Chapter 1424 Good News
Chapter 1424 Good News
Chapter 1424 Good News
The newly formed sensory border on Chen Jianguo's upper abdomen remained unchanged for the next two weeks. Every morning, Mainstein ran a cotton swab down the skin, and the border always stopped precisely in the same spot, about two centimeters above the xiphoid process and navel. From the fourth to the sixth week after surgery, a full fourteen days, it didn't advance even a millimeter.
Those two centimeters seemed frozen in time. Every morning, the first thing Chen Jianguo did upon waking was to look down at his stomach. Of course, he couldn't see anything with his eyes; he felt the boundary wasn't a real line, not drawn with ink, but it was more real than any line he had ever seen. It was there, lying beneath his skin, like an invisible dam, sharply separating the land above that had regained its senses from the still-sleeping Dead Sea below.
Chen Jianguo began to feel uneasy.
He didn't say it, but Mainstein could tell. A person's eyes can't hide anything. Every time Chen Jianguo saw Mainstein enter the ward, his eyes were filled with expectation; after the examination, finding the boundary unchanged, his eyes showed disappointment; when Mainstein said, "Come again tomorrow," his eyes were filled with expectation again. This cycle repeated once a day, like a clock that would never stop ticking. Sometimes Mainstein would deliberately arrive half an hour late, and Chen Jianguo would constantly look at the ward door, his anxiety impossible to conceal. When he finally arrived, the examination was finished, and the result was the same, Chen Jianguo would feign nonchalance and say, "It's okay, no rush."
“Jianguo, stop staring at that border.” Sister Li couldn’t help but say one day.
"Does it disappear if I don't look at it?"
"It's not there, but even if you look at it, it won't move any faster."
"How do you know? Maybe when I look at it, it knows someone is waiting for it, so it walks faster."
Sister Li was amused by his words: "A nerve isn't a person, it doesn't know someone is waiting for it.

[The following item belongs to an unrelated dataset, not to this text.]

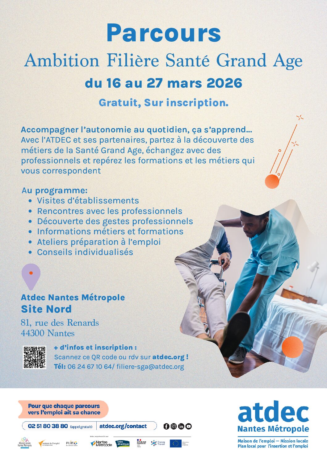 Vous recherchez un métier humain, un métier qui a du sens ! Vous aimez aider et accompagner ! L’ATDEC vous propose un parcours visant à découvrir les opportunités d’emploi et de formation du secteur de la Santé et du Grand Age, à tester les gestes professionnels et valider votre projet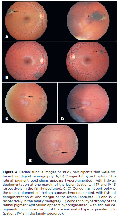 RESULTS: Congenital hypertrophy of the retinal pigment epithelium was observed in 13 (28.9%) of the 45 individuals evaluated. Of these, nine patients were confirmed to have familial adenomatous polyposis (via colonoscopy or molecular testing). However, four patients had not been investigated. Of the 32 (71.1%) family members without the lesion, 14 did not have familial adenomatous polyposis and 18 were yet to be evaluated. The lesions were bilaterally present and exhibited a peculiar fish-tail shape in all the evaluated individuals. Adenomatous polyposis coli gene sequencing revealed a pathogenic variant c.4031del. (Ser1344*), in heterozygosity (49.27%), in exon 16.

Even if you look at it eight hundred times a day, it will still walk as fast as it wants."
“Then I want to see it too.” Chen Jianguo said this in a stubborn tone, like a disobedient child.
Sister Li didn't try to persuade him anymore. She put the towel in the basin, wrung it out, and continued to wipe his legs.

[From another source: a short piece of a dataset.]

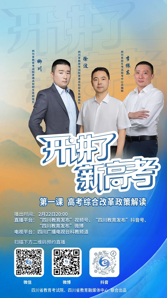 | 四川:《開(kāi)講了新高考》首場(chǎng)直播來(lái)了!分?jǐn)?shù)怎么計(jì)?志愿怎么填?專家?guī)憬馕?.. |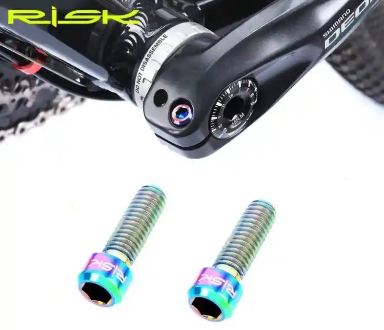 *Tornillos Titanio Bicicleta RISK MTB Y RUTA BIELA M5X18MM *Kit por 2 Unidades *2 Tornillos Aleación de Titanio *Tornillos Mas Livianos y Resistentes *Aumenta la Estética de tu Bicicleta *Marca: RISK *Referencia: M6X18MM *Para: Biela MTB Y RUTA *Color: Rainbow (Tornasol) *Material: TC4 de Aleación de Titanio *Peso: 1,4gramos x Tornillo *Peso Total Set :2,8 gramos *Diametro de la Cabeza: 9mm *Largo: 18mm *Herramienta : Llave Bristol/Allen 5mm *Torque:12-14N.M *Empaque de Lujo: Ideal Para Regalo

On the third day of the sixth week after surgery, Mannstein brought both good news and bad news.
The good news was that the electromyography (EMG) showed a change. Clara attached electrodes to Chen Jianguo's upper abdominal muscles and asked him to try to contract his abdominal muscles. Chen Jianguo tried several times but couldn't feel anything, yet a weak, irregular signal appeared on the EMG screen. It wasn't a normal voluntary movement signal, but something called a "neonatal potential," with a wide waveform, small amplitude, and long duration. Clara magnified the waveform again and again; the winding lines on the screen resembled a newly awakened river, flowing slowly and clumsily.
“Mr. Chen, look at this.” Mainstein pointed to the waveform on the screen.
Chen Jianguo couldn't understand the winding lines, but he saw the expression on Mainstein's face—a restrained satisfaction.
"What does it mean?"
"This means that some nerves have been repaired and preliminary neuromuscular connections have formed. These connections are still weak and immature, not strong enough to make your abdominal muscles actually contract. But they are there; all that's left is time."
"And the bad news?"
Mannstein paused. He rarely paused. As a neuroscientist, he was used to describing everything with precise language, including bad news. But this time, he paused.
"The bad news is that getting abs is just the first step; the real challenge is yet to come."
Chen Jianguo said:
“Professor Mainstein, this is not bad news, this is what I know. You told me on day one that it would take a long time, and it’s only been a month and a half now, I’m not in a hurry.”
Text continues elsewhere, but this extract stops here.